Instructions to follow
With the pictures left out, output the records below exactly.

Records from a dataset
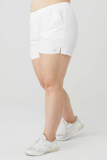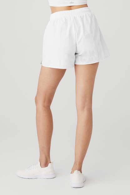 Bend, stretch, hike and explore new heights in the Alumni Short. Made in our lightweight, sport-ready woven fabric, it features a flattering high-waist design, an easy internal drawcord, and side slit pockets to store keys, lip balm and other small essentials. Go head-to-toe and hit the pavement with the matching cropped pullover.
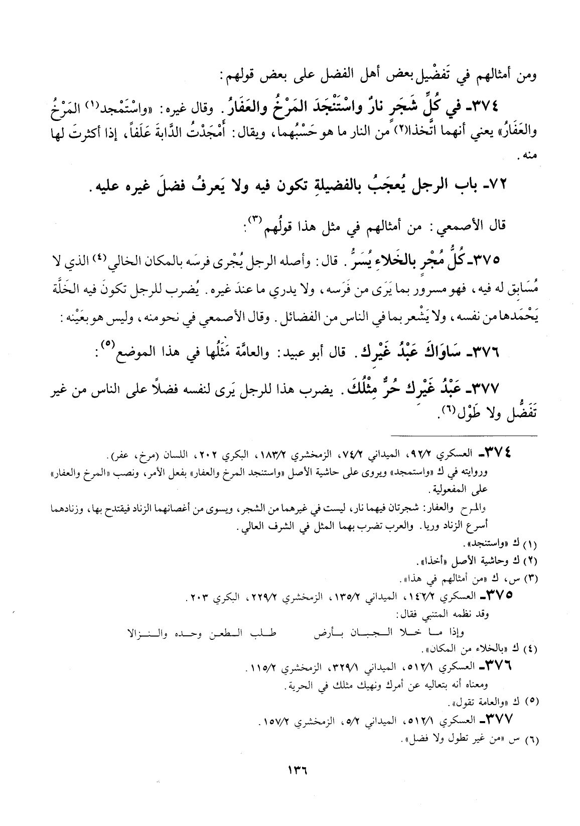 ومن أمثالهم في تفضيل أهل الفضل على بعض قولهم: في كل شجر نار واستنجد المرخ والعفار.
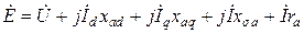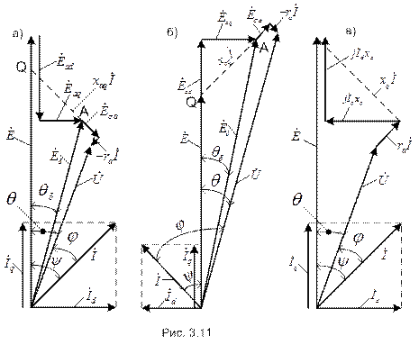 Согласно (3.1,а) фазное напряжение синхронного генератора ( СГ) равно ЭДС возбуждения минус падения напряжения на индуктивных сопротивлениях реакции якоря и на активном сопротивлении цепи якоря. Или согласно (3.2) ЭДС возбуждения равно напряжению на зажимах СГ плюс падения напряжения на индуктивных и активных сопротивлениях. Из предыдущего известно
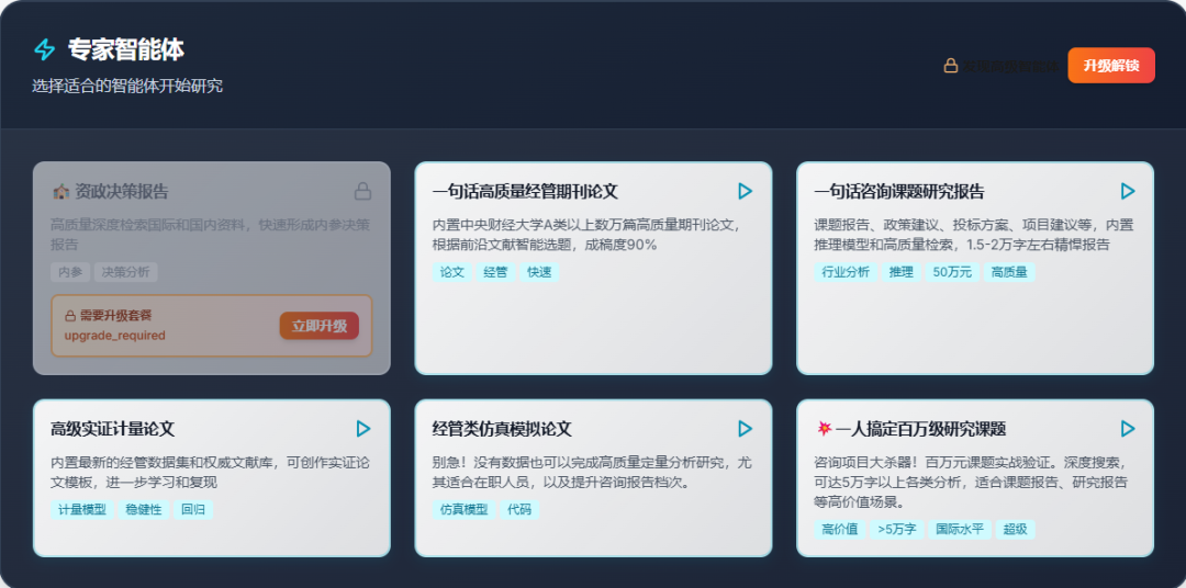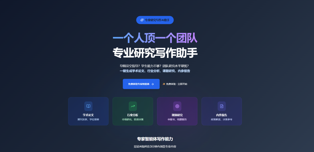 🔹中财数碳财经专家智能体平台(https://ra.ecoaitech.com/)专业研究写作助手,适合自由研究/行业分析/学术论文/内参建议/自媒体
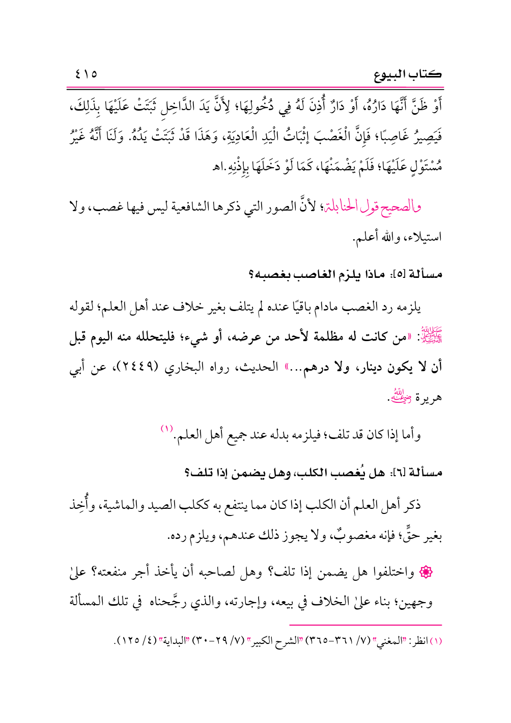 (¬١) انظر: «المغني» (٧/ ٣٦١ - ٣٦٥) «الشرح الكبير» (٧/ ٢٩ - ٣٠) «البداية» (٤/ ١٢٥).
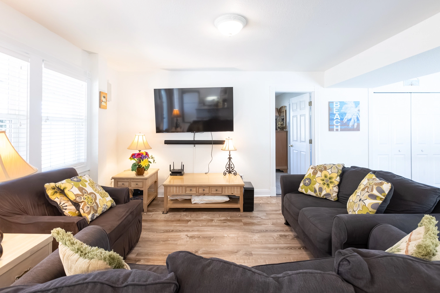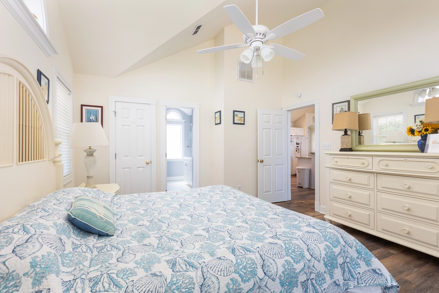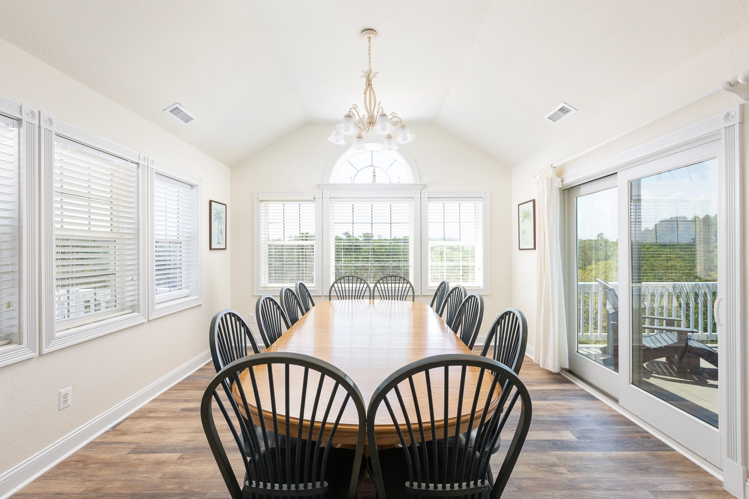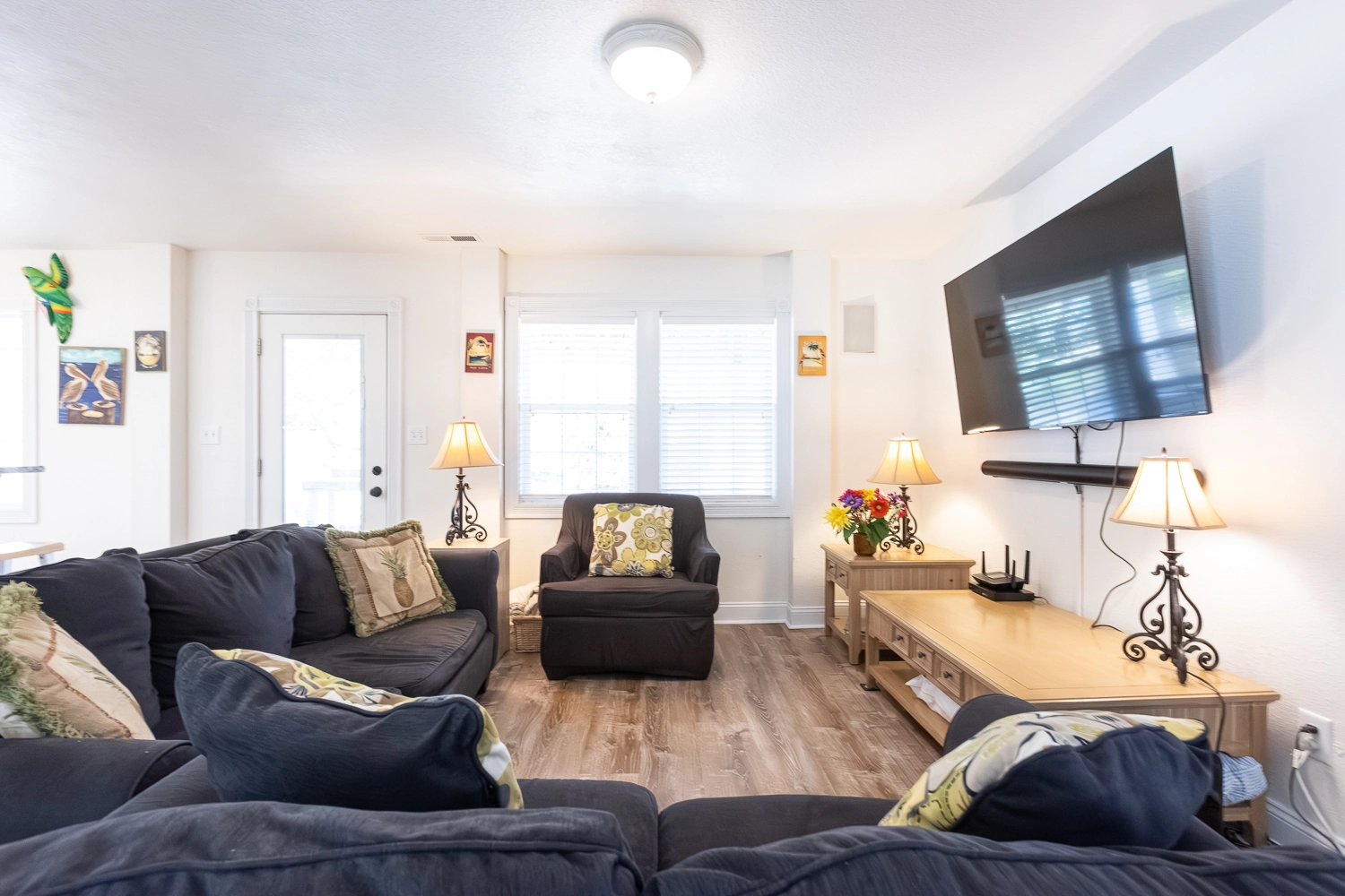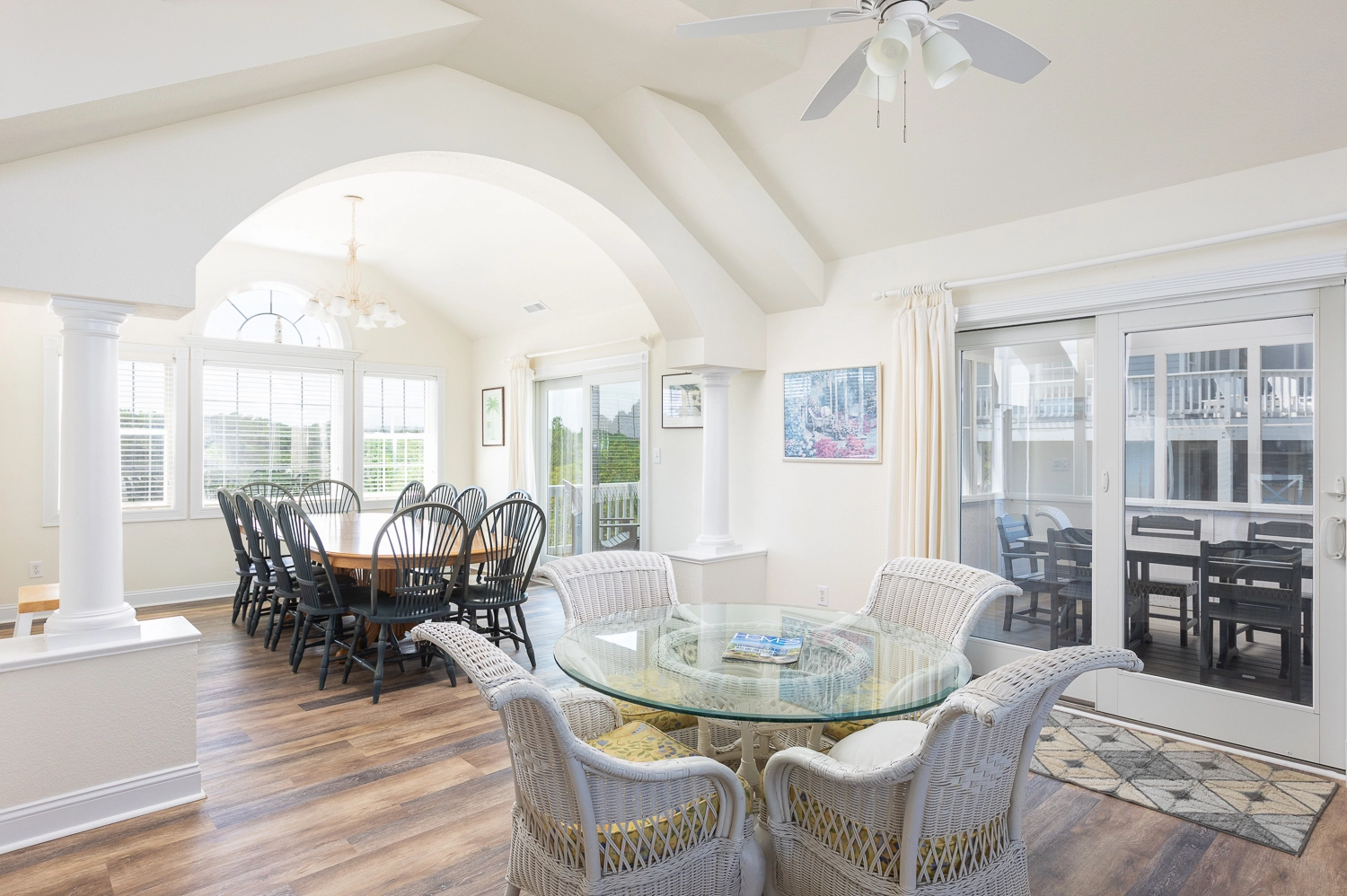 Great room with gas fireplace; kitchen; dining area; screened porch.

Problem solution
 Bend, stretch, hike and explore new heights in the Alumni Short. Made in our lightweight, sport-ready woven fabric, it features a flattering high-waist design, an easy internal drawcord, and side slit pockets to store keys, lip balm and other small essentials. Go head-to-toe and hit the pavement with the matching cropped pullover.
 ومن أمثالهم في تفضيل أهل الفضل على بعض قولهم: في كل شجر نار واستنجد المرخ والعفار.
 Согласно (3.1,а) фазное напряжение синхронного генератора ( СГ) равно ЭДС возбуждения минус падения напряжения на индуктивных сопротивлениях реакции якоря и на активном сопротивлении цепи якоря. Или согласно (3.2) ЭДС возбуждения равно напряжению на зажимах СГ плюс падения напряжения на индуктивных и активных сопротивлениях. Из предыдущего известно
 🔹中财数碳财经专家智能体平台(https://ra.ecoaitech.com/)专业研究写作助手,适合自由研究/行业分析/学术论文/内参建议/自媒体
 (¬١) انظر: «المغني» (٧/ ٣٦١ - ٣٦٥) «الشرح الكبير» (٧/ ٢٩ - ٣٠) «البداية» (٤/ ١٢٥).
 Great room with gas fireplace; kitchen; dining area; screened porch.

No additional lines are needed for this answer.